The loans fell into arrears. After undertaking a lengthy review of the loans and the securities, ANZ made demand for arrears on fixed term loans that had not become due, and for repayment of loans that were either due for payment or were repayable on demand. The parties entered into a “stand still” arrangement to allow the plaintiffs a six month period in which to attempt to sell the security properties. Sales had not been effected by the end of that period and ANZ commenced steps to sell as mortgagee. This led to the issue of the present proceeding.

4

This proceeding commenced with an application by the plaintiffs for an interim injunction to prevent the mortgagee sales. The plaintiffs withdrew both the initial application, and a second one brought on expanded grounds, at the hearing of those applications and before they were substantively determined. ANZ has since entered into agreements for the sale of seven of the eight security properties and, after obtaining court orders for the removal of caveats over the titles, has settled the sale of those properties. The plaintiffs have recently amended their claim to one for damages.

5

Following the dismissal of the first application for an interim injunction, ANZ filed a statement of defence and counterclaimed for the debt due to it under the loan agreements.
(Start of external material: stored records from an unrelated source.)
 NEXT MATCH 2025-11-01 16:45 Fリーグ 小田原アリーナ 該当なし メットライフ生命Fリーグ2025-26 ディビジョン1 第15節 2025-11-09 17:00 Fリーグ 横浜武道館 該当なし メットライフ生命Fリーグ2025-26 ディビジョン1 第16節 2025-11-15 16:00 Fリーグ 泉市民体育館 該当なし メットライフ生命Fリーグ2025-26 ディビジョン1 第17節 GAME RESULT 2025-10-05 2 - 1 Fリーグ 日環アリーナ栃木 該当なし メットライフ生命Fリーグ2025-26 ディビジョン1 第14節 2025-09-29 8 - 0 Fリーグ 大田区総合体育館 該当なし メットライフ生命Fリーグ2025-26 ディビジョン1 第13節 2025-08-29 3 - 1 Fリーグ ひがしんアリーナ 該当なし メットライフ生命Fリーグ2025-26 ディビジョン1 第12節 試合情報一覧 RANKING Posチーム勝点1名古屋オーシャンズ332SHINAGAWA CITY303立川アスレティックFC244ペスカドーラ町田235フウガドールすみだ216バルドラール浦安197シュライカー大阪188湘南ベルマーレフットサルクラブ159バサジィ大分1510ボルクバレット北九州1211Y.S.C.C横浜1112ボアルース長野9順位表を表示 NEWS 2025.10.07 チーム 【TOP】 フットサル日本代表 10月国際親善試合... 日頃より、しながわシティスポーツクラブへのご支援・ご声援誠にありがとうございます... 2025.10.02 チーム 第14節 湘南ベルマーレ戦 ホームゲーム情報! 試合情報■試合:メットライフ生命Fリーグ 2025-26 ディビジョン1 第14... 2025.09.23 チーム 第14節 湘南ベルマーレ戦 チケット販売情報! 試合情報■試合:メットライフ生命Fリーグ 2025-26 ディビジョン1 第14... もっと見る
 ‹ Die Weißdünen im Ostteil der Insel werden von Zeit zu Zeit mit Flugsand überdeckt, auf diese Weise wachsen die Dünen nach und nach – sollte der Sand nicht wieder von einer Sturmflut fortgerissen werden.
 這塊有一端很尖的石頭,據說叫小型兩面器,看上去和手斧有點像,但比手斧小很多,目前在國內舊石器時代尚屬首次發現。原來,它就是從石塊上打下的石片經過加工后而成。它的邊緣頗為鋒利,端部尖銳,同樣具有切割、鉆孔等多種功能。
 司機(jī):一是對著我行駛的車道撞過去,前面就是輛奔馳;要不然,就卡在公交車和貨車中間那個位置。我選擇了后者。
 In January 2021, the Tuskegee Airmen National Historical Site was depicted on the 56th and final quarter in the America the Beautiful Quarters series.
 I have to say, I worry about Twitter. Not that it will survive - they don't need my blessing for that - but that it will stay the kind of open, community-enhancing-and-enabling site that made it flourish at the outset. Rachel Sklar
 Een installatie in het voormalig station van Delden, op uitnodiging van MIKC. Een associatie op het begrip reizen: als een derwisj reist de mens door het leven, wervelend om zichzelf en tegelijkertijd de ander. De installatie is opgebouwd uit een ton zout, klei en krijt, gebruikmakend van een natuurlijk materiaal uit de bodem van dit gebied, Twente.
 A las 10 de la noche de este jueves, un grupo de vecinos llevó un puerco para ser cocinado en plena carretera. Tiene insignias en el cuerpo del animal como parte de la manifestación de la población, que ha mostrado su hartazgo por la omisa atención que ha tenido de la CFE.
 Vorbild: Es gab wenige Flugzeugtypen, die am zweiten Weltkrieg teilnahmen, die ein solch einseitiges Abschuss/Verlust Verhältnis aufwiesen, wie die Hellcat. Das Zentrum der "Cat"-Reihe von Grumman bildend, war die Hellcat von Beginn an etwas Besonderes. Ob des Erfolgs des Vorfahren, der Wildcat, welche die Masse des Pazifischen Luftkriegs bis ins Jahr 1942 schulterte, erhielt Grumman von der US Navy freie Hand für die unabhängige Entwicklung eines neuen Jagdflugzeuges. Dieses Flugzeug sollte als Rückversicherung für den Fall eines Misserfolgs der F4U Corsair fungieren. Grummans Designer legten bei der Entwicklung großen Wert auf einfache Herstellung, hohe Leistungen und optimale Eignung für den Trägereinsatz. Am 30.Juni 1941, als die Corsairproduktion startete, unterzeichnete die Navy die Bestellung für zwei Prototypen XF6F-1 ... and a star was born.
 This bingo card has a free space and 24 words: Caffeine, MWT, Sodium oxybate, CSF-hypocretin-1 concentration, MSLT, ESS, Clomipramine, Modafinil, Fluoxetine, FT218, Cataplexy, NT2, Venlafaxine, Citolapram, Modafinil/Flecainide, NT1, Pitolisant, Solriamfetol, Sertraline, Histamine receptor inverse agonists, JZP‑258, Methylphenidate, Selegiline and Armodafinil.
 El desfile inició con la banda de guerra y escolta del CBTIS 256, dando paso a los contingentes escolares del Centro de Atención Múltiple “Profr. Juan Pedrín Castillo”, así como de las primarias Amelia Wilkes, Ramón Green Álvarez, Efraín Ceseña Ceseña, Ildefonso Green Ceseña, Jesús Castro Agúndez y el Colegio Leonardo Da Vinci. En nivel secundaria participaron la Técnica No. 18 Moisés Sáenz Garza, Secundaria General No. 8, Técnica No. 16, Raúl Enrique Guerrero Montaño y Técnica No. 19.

At the same time it applied for summary judgment (or strike out) of the plaintiffs' claims, and for summary judgment on its counter-claims for the loan debt and for vacant possession of one of the security properties (the property where Mr Hart resides). This is the application now before the Court.

6

The plaintiffs oppose all applications. They say they have an arguable defence that ANZ breached its statutory duty of care 1 in relation to the mortgagee sale process (resulting in the sale prices achieved by ANZ's tender process falling substantially short of the current market value of the properties), and breached another statutory duty 2 by failing to allow Mr Hart to redeem the mortgage over the property where he lives. The plaintiffs say that they have an arguable claim for damages 3 which cannot be determined by summary judgment, and that this also gives them an arguable...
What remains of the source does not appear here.